Summary: Device mapper multipath will not create some maps even though block devices are available from NetApp FAS6240
Product: Red Hat Enterprise Linux 6 Reporter: Jason Czech <jason.czech>
Component: device-mapper-multipathAssignee: Ben Marzinski <bmarzins>
Status: CLOSED INSUFFICIENT_DATA QA Contact: Lin Li <lilin>
Severity: high Docs Contact:
Priority: high    
Version: 6.4CC: agk, bdonahue, bmarzins, ctatman, dwysocha, heinzm, jason.czech, jbrassow, lilin, msnitzer, prajnoha, prockai, rbalakri, salmy, zkabelac
Target Milestone: rc   
Target Release: ---   
Hardware: x86_64   
OS: Linux   
Whiteboard:
Fixed In Version: Doc Type: If docs needed, set a value
Doc Text:
Story Points: ---
Clone Of: Environment:
Last Closed: 2017-09-29 21:48:12 UTC Type: Bug
Regression: --- Mount Type: ---
Documentation: --- CRM:
Verified Versions: Category: ---
oVirt Team: --- RHEL 7.3 requirements from Atomic Host:
Cloudforms Team: --- Target Upstream Version:
Embargoed:
Attachments:
Description Flags
coeus messages and config files
none
Kraken "multipath -v6" and "dmsetup table" output none

Description Jason Czech 2014-08-22 15:09:59 UTC
Created attachment 929682 [details]
coeus messages and config files

Description of problem: Device mapper multipath will not create maps even though block devices are available from NetApp FAS6240. It errors with "device or resource busy". Removing the block devs, flsuhing unused maps, and rescanning results in the same error. All maps except one are successfully created.
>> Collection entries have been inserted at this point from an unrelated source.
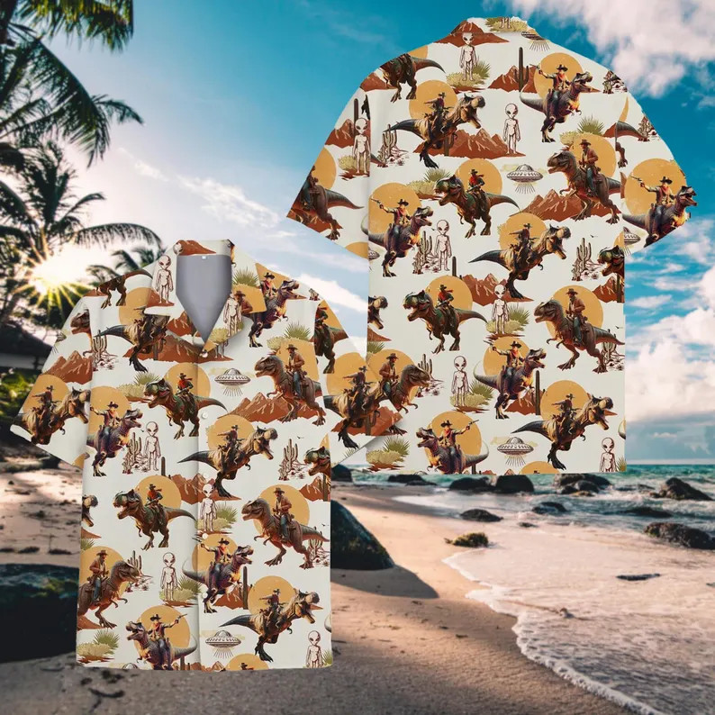 $ 8.56Cowboy Dinosaur Hawaii Shirt Funny Men Women Aloha Beach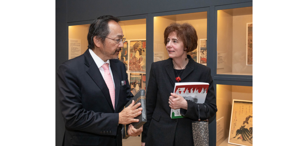 Őexcellenciája Otaka Masato úrral, Japán magyarországi nagykövetével a Hold a felhők felett című kiállítás megnyitóján 2023 májusában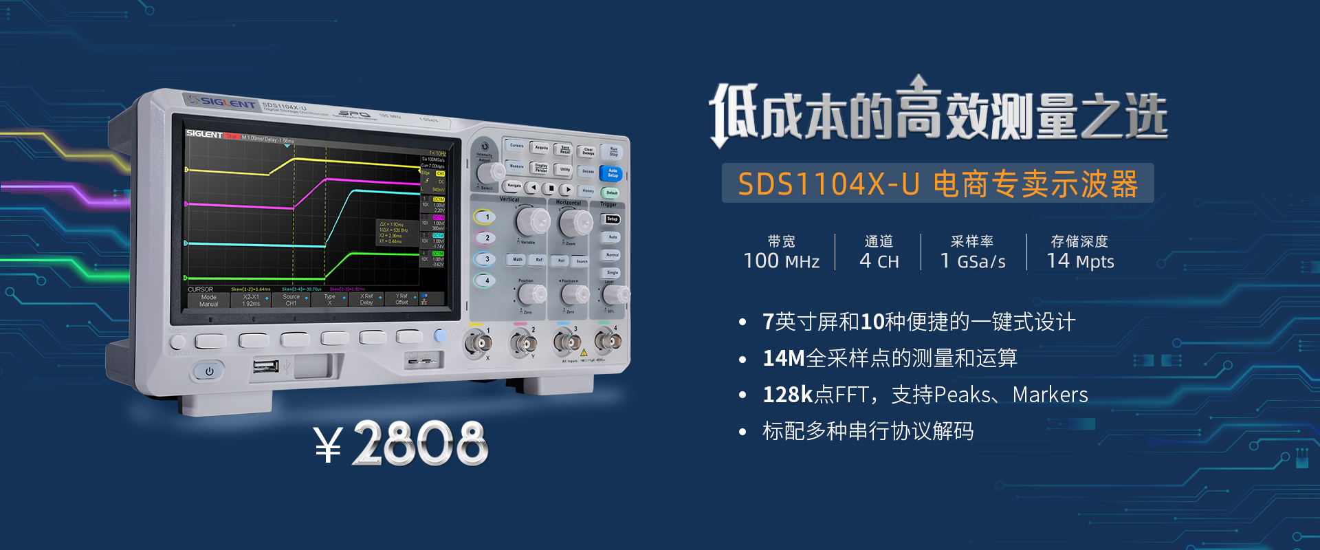 作為入門級(jí)數(shù)字示波器,SDS1104X-U帶寬100 MHz,采樣率1 GSa/s,能滿足工程師大部分的信號(hào)測(cè)量需求。10種便捷化一鍵操作,38種自動(dòng)測(cè)量功能,...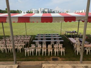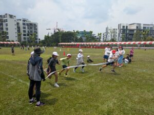 雨の予報も出ていますが、5・6年生は予定通りに前日準備を行いました。スローガン「その一歩が伝説となるチャンギっ子」も掲げられるとともに、決勝審判などの練習もしっかりと行われました。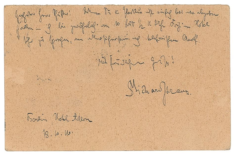 Two ALSs in German, each one page on 5.5 x 3.5 postcards, November 19, 1896 and October 18, 1916. The first, to publisher Schuster & Loeffler, in part (translated): "Who is, Mr. Bernhard Schuster? The man has a lot of talent! Receive my warmest thanks for sending the interesting 3 songs!" The second, to Bernhard Schuster, in part (translated): "If you don't want to just hand over the score to me—I am usually safe to speak from 10 a.m. to 11:30 a.m. in the hotel." In very good to fine condition, with slightly irregular toning to both and clipped corners and a punch hole to the earlier letter.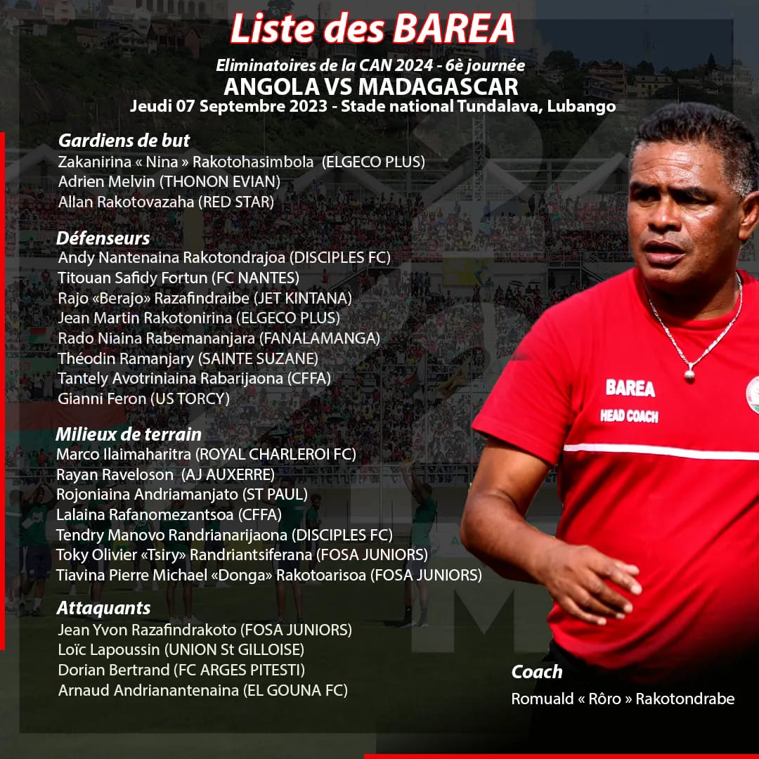 ⭕Le sélectionneur Romuald « Rôrô » Rakotondrabe convoque onze expatriés pour la rencontre. C’est, le cas des milieux de terrain Marco Ilaimaharitra (Charleroi) et Rayan Raveloson (AJ Auxerre), de l’ailier Loïc Lapoussin (Union Saint Gilloise) ou encore de l’attaquant Arnaud Andrianantenaina (FC Gouna) en Egypte.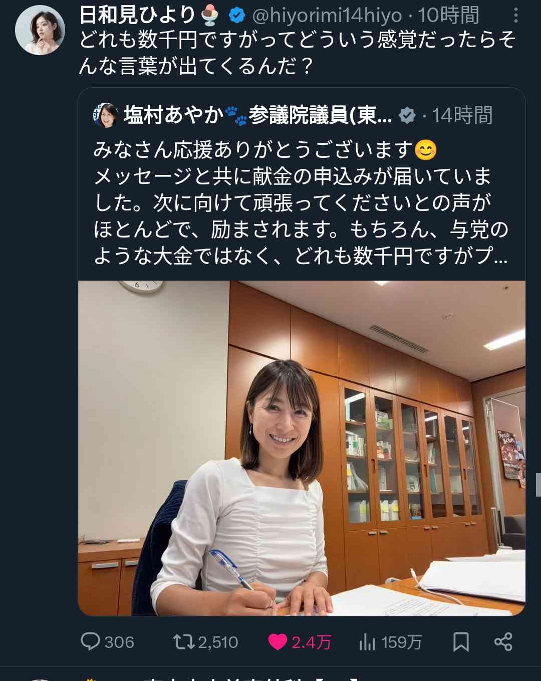 草の根活動的な微笑ましい献金ですわオホホホって感じだろ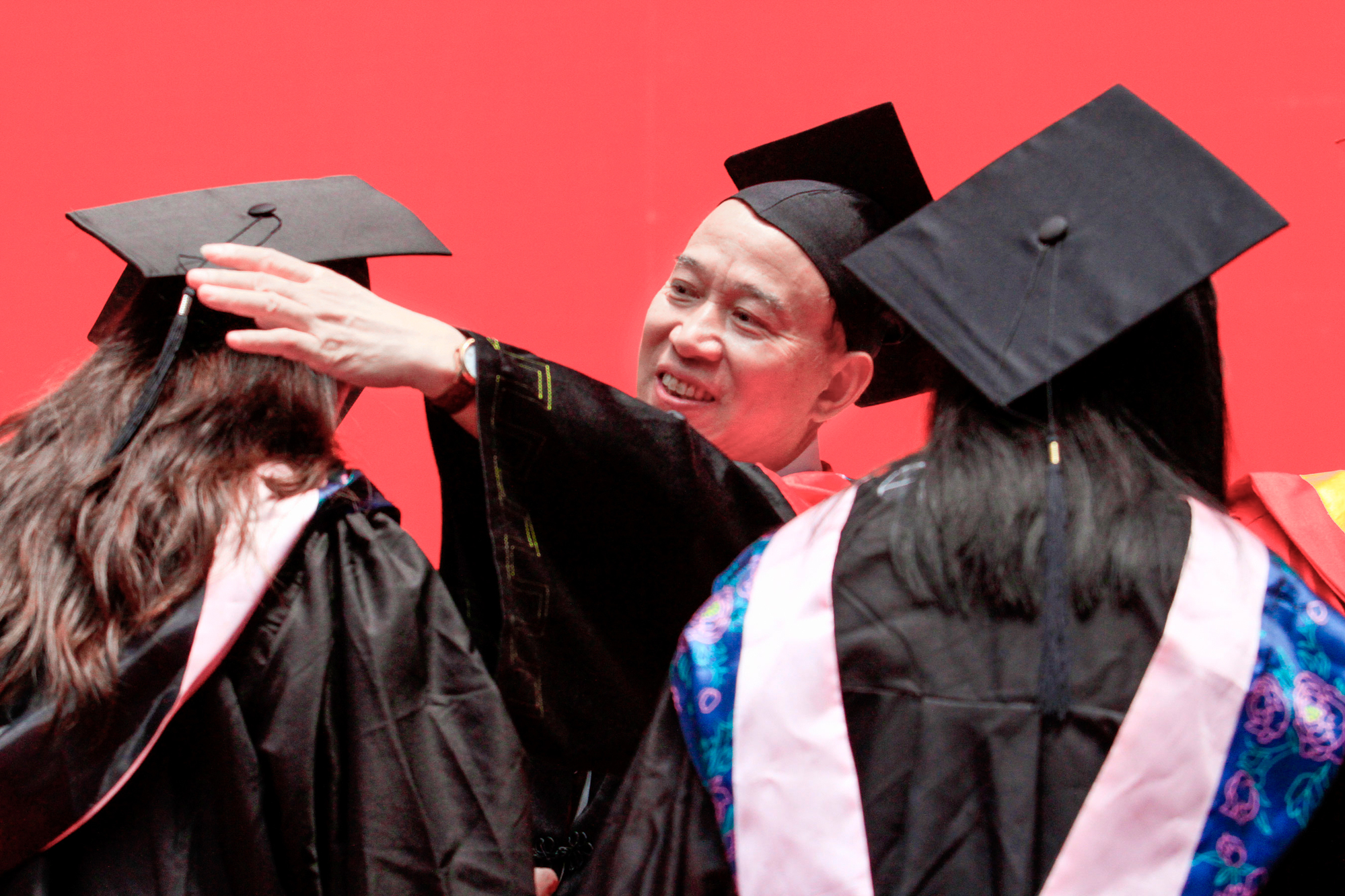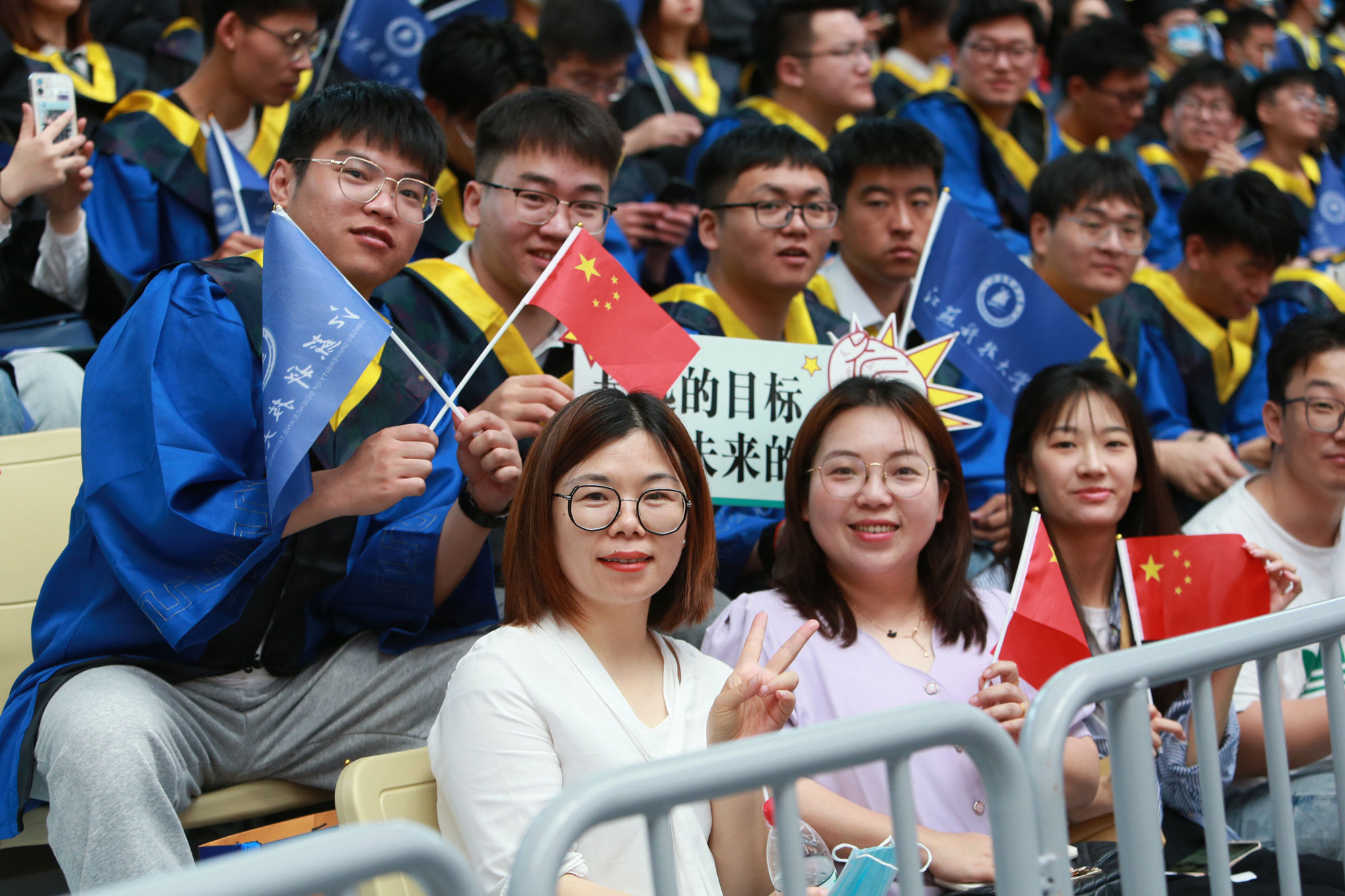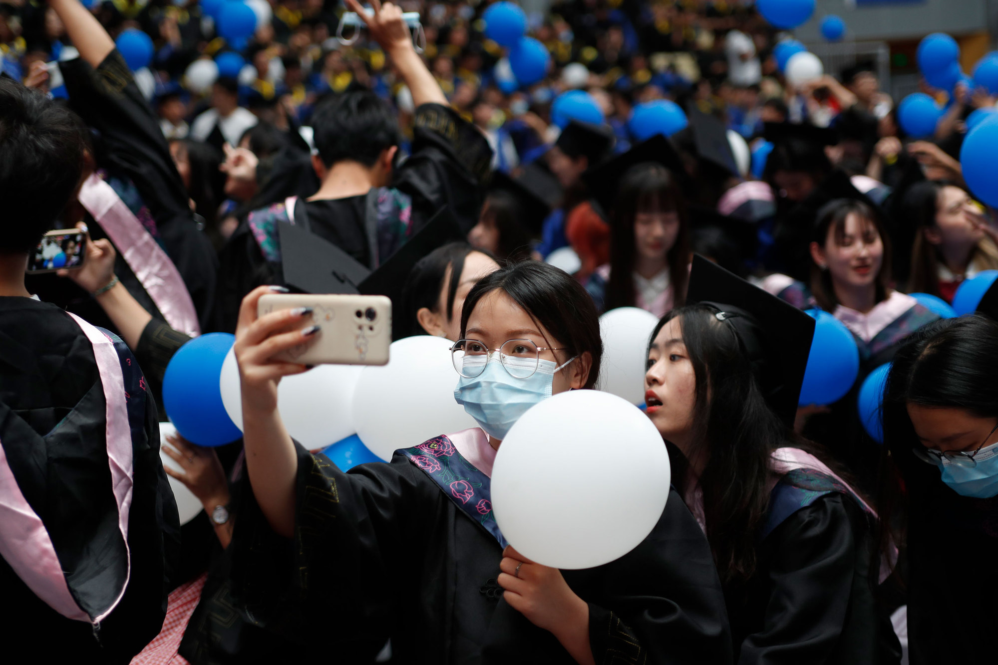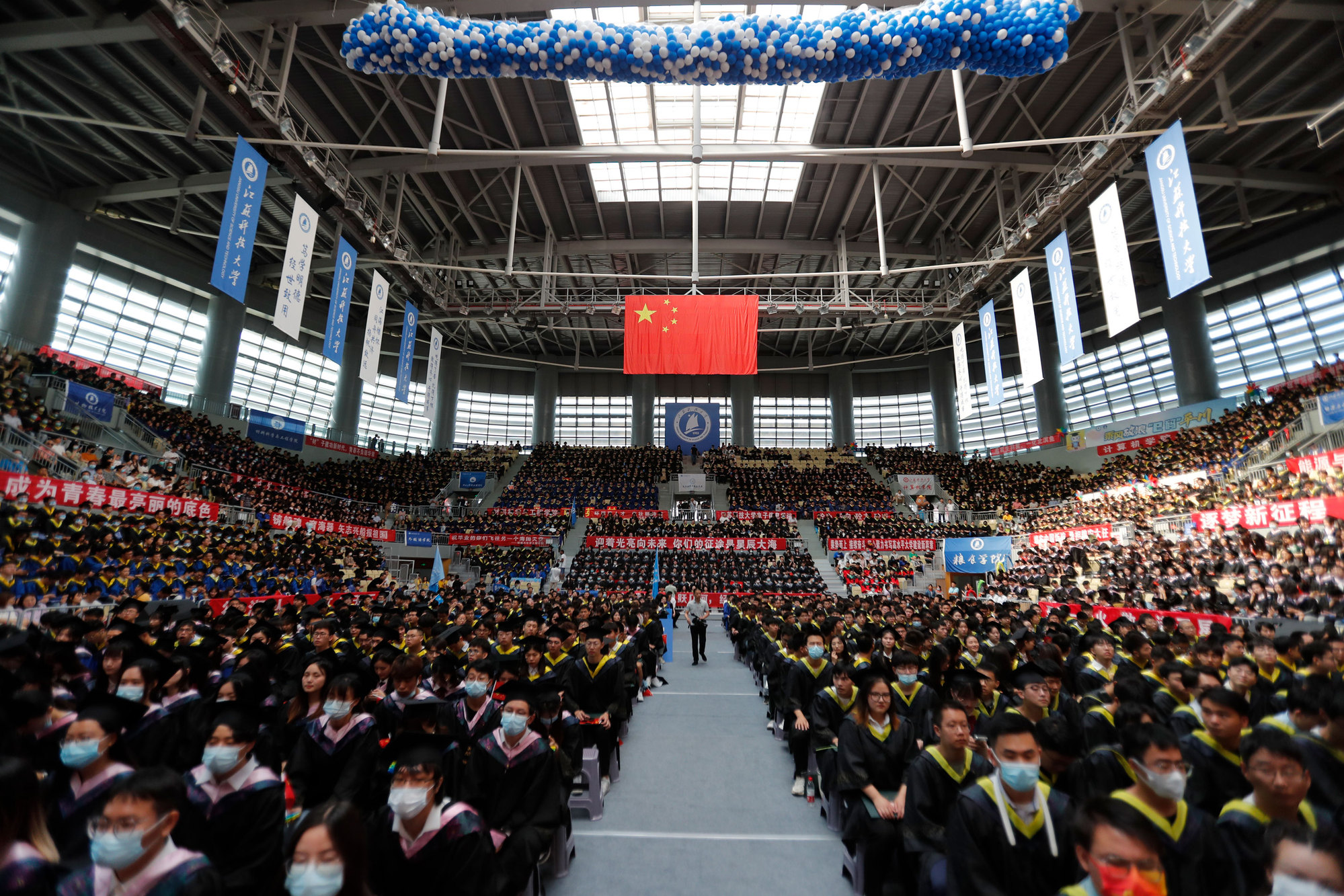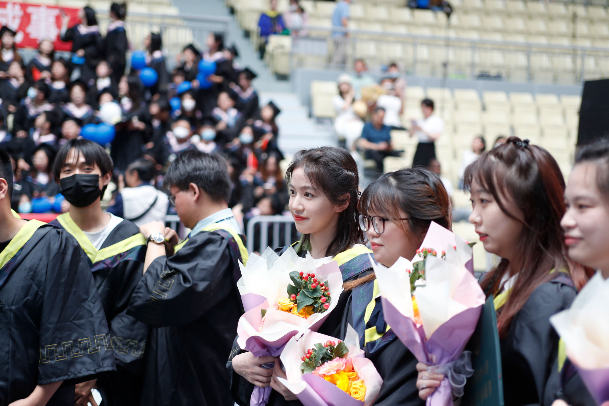 在球盟会qmh网站校歌声中,数千只蓝白相间的彩色气球从高空缓缓散落,仿佛跃腾的海浪,将现场氛围感拉满。伴着一路欢歌,庄重的学位授予仪式开始,毕业生依次上台领取学位证书,学位委员会全体导师为他们一一拨穗,圆满完成学位授予仪式。

Version-Release number of selected component (if applicable): Stock 6.4 installation with the following upgraded packages

bfa-firmware-3.2.21.1-2.el6.noarch
device-mapper-multipath-0.4.9-72.el6_5.3.x86_64
device-mapper-multipath-libs-0.4.9-72.el6_5.3.x86_64
kernel-2.6.32-431.23.3.el6.x86_64
kernel-devel-2.6.32-431.23.3.el6.x86_64
kernel-doc-2.6.32-431.23.3.el6.noarch
kernel-firmware-2.6.32-431.23.3.el6.noarch
kernel-headers-2.6.32-431.23.3.el6.x86_64
kpartx-0.4.9-72.el6_5.3.x86_64

How reproducible: Every reboot results in one of the NetApp maps refusing to be created.  The specific map changes at random.

Steps to Reproduce:
1. Reboot server

Actual results:

One NetApp device mapper path does not get created.

Expected results:

/dev/mapper/hpwnetapp02_000 and /dev/mapper/hpwnetapp02_001 should be created.

Additional info:

Kernel boot options:
title Red Hat Enterprise Linux Server (2.6.32-431.23.3.el6.x86_64)
        root (hd0,0)
        kernel /vmlinuz-2.6.32-431.23.3.el6.x86_64 ro root=UUID=4249a09d-0804-4199-aa18-6630a98f8ab7 intel_iommu=on rd_NO_LUKS rd_NO_LVM LANG=en_US.UTF-8 rd_NO_MD SYSFONT=latarcyrheb-sun16 crashkernel=auto  KEYBOARDTYPE=pc KEYTABLE=us rd_NO_DM rhgb vga=0x303 noresume transparent_hugepage=never log_buf_len=4M
        initrd /initramfs-2.6.32-431.23.3.el6.x86_64.img

Attached dmesg output, /etc/multipath.conf, /etc/multipath/bindings, /etc/multipath/wwids, /etc/lvm/lvm.conf, /var/log/messages, multipath -v6 output

Comment 2 Ben Marzinski 2014-08-28 15:19:06 UTC
It looks like your problem in the run recorded in coeus_multipath_-v6.txt is that the dm device hpwnetapp02_000 does exist, but it's not a multipath device.

Looking here:
Aug 22 11:00:37 | libdevmapper: ioctl/libdm-iface.c(1724): dm table 360001ff00c68030f8d0108000000fa00  NF   [16384] (*1)
Aug 22 11:00:37 | libdevmapper: ioctl/libdm-iface.c(1724): dm table 360001ff00c68030f8d0108000000fa00  NF   [16384] (*1)
Aug 22 11:00:37 | libdevmapper: ioctl/libdm-iface.c(1724): dm status 360001ff00c68030f8d0108000000fa00  NF   [16384] (*1)
Aug 22 11:00:37 | libdevmapper: ioctl/libdm-iface.c(1724): dm info 360001ff00c68030f8d0108000000fa00  OF   [16384] (*1)
Aug 22 11:00:37 | libdevmapper: ioctl/libdm-iface.c(1724): dm info 360001ff00c68030f8d0108000000fa00  NF   [16384] (*1)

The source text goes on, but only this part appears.